Task details:
Output the lines from the top of the entries below to the line with "30]. Laterites from", both included, exactly and without pictures.

Source records:
==============================
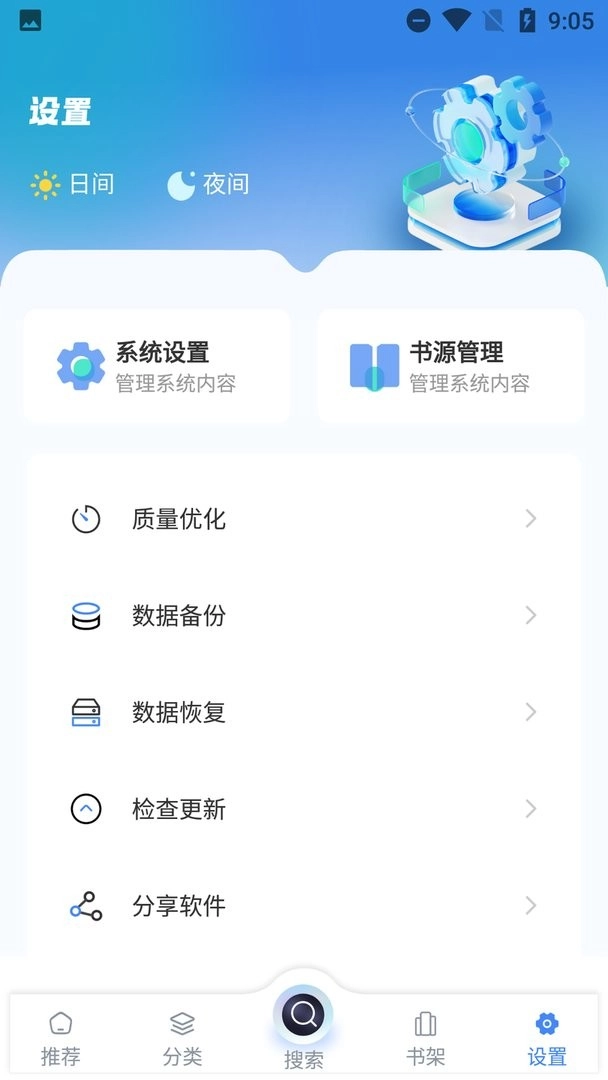 3、优化设置:支持日间/夜间模式切换,有效保护视力;可自定义翻页手势的操作方式;还能调整屏幕常亮时间,以契合不同环境下的阅读需求。
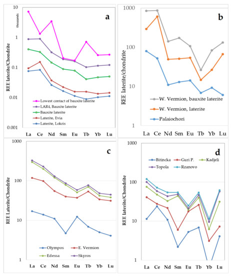 30]. Laterites from W. Vermion are characterized by positive Ce and Eu anomalies. In general, negative slopes are a common feature of the chondrite normalized REE patterns of laterites from northern Greece (
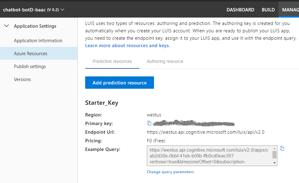 Click on the Manage Option. Go to Azure Resources and copy the authoring key to Notepad. We will need it later on.
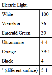 The scale is that of the prismatic spectrum employed. On page 46 we stated that a white surface could be made to appear darker than a black surface, by illuminating the latter and cutting off the light from the former. By placing the black surface in place of one of the coloured ones, as shown in page 82, the luminosity of the black surface can be ascertained. In this case it was found that almost exactly 5 % of the white light from the crater of the positive pole was reflected.In the table the original measures are shown, and also the corrected measures, and for convenience sake the intensity of every ray throughout the length of the spectrum reflected from white, has been taken as 100. The position of the reference lines on the scale (Fig. 15) are as follows —
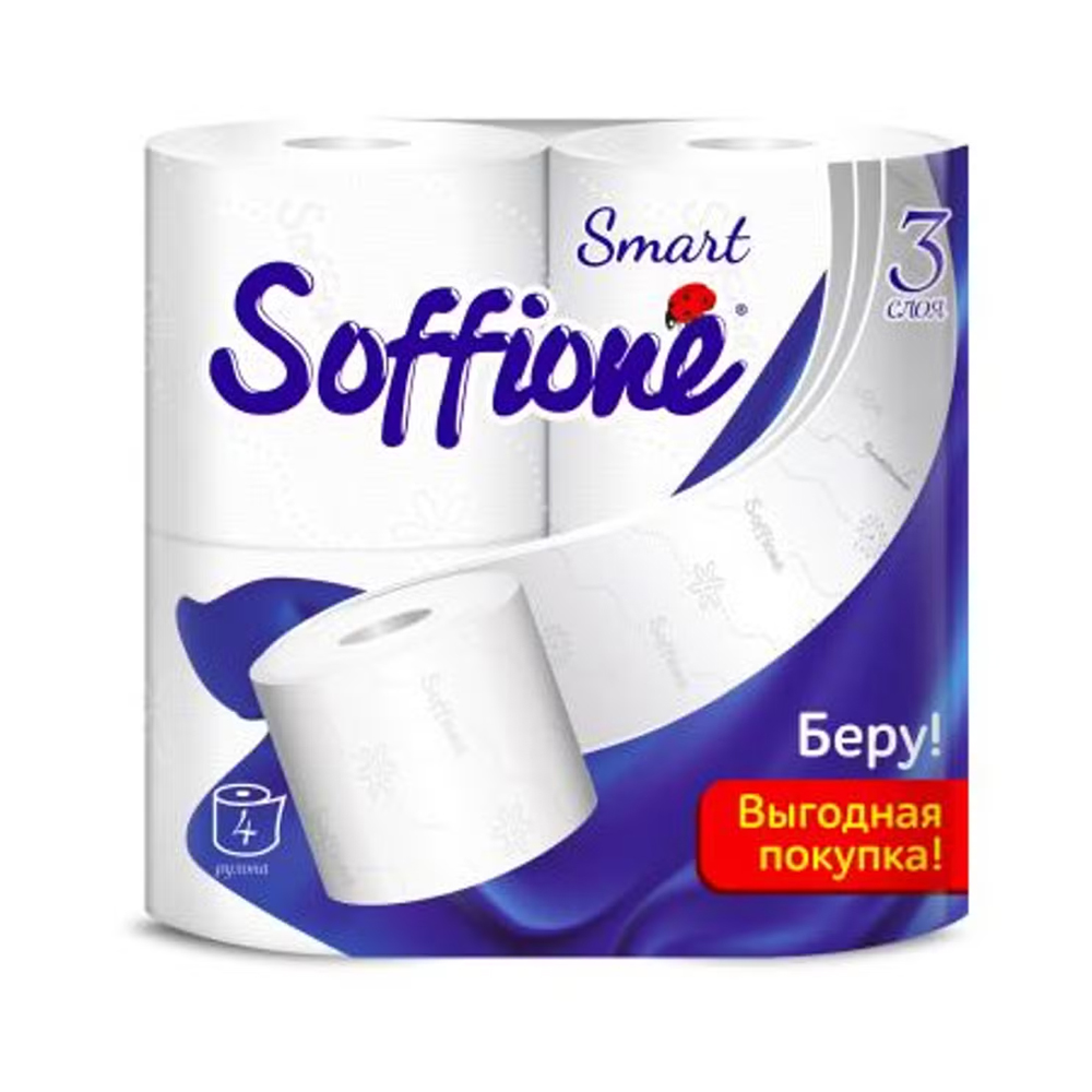 Бумага туалетная 3-х слойная 4шт Soffione Smart
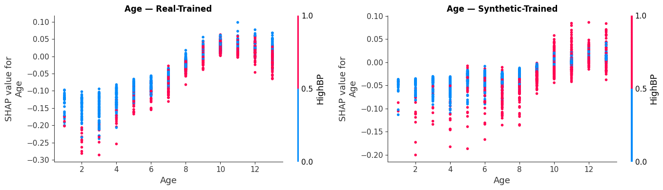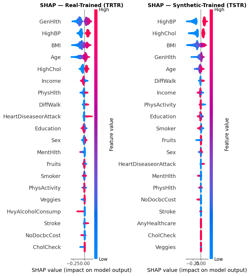 Comparing SHAP beeswarms to ensure our synthetic-trained model mirrors the clinical logic of real-world data.
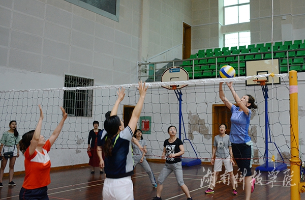 篮球场上,两组进行了激烈的比拼,大家奋勇拼搏,穿插跑动,妙传、得分,用激情与汗水传达着对运动、对生活的热爱,对团队精神的追求。经过激烈、紧张的四节比赛的角逐,最终B组取得胜利。排球场上,发球、传球、扣球,紧张而激烈,颇具专业水准。赛场外,前来观看比赛的师生们随着激烈的比赛节奏,为场上的队员加油打气,呐喊助威,将比赛一次次推向高潮。B组凭借配合默契,发球得分,运球得当,获得友谊赛的胜利。
==============================
Answer for the task:
 3、优化设置:支持日间/夜间模式切换,有效保护视力;可自定义翻页手势的操作方式;还能调整屏幕常亮时间,以契合不同环境下的阅读需求。
 30]. Laterites from W. Vermion are characterized by positive Ce and Eu anomalies. In general, negative slopes are a common feature of the chondrite normalized REE patterns of laterites from northern Greece (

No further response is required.